月に手を伸ばせ

アートとバイク。思ったことを何処かに残したい。

私とエレカシ#10

中学入学と同時に、制服をきちんとワードローブに仕舞い込んで。
指定のジャージに真っ青に髪を染めて、ピアスと大量のブレスレットを付けて登校し始めた。
小学生の校区は、いわゆる新興住宅地で豊かな家庭が多い校区だったが、
中学の校区は、そこに合わせてもともと地元に住んでいる子どもたちも通うような校区だった。
学校はほぼ二分されていたけれど、私はその新しい派閥に入ることにした。
中学の教室では異質だった。
みんな金髪や茶髪の中、青色の髪の毛は相目立っていた。
先輩に呼び出されリンチされたりはしたが、その程度は予想の範疇だったし、これはカケルとたてた作戦だった。

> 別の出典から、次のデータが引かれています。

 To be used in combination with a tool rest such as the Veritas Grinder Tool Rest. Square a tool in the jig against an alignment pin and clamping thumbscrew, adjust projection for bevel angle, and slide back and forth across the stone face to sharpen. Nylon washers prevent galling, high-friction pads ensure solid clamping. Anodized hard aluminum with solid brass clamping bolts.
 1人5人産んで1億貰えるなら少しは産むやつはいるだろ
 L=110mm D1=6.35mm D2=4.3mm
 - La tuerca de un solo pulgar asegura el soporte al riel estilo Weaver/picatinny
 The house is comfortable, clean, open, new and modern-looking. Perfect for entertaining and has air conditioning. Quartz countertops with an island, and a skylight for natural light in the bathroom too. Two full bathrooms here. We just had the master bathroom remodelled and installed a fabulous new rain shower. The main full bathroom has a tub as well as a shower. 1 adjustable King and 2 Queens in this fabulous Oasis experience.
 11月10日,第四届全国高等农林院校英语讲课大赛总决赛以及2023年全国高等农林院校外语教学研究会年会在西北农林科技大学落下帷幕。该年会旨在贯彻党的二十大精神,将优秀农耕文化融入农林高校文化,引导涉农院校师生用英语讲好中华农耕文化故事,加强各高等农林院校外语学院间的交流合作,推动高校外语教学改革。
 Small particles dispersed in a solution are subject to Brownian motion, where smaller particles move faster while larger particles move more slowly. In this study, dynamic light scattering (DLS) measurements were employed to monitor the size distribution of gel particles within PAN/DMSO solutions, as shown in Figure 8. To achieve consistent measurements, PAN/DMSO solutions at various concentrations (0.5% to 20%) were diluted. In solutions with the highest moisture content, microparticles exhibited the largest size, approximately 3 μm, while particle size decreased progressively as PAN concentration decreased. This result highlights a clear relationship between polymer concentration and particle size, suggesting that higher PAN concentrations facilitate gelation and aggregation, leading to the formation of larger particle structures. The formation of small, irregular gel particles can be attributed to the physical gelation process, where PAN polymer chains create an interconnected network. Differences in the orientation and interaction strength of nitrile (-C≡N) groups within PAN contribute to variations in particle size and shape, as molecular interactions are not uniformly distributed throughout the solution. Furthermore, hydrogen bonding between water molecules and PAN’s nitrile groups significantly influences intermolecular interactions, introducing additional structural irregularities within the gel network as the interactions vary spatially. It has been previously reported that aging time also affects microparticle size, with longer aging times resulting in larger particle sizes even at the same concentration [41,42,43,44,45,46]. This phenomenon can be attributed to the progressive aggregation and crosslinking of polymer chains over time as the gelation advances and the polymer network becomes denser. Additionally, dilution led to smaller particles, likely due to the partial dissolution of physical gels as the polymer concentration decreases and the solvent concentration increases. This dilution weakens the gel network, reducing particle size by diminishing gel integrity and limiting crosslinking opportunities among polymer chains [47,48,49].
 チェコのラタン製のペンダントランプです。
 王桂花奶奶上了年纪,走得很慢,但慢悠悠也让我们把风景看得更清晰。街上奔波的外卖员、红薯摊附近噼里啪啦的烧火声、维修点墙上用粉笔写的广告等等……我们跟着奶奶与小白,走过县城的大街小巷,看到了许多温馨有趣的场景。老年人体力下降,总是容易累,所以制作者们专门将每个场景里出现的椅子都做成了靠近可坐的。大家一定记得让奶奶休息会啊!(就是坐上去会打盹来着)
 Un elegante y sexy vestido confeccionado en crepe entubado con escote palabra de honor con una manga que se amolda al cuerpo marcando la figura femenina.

私をいじめた小学校時代のインテリたちは、もう絶対に話しかけてはこなかったし、
リンチされても、うめき声ひとつあげなかったので、その後は先輩たちも良くしてくれるようになった。

カケルの言ったとおりだった。人は群れなしじゃ生きられないし、異質は受け入れられるために時間はかかるがカリスマになれる。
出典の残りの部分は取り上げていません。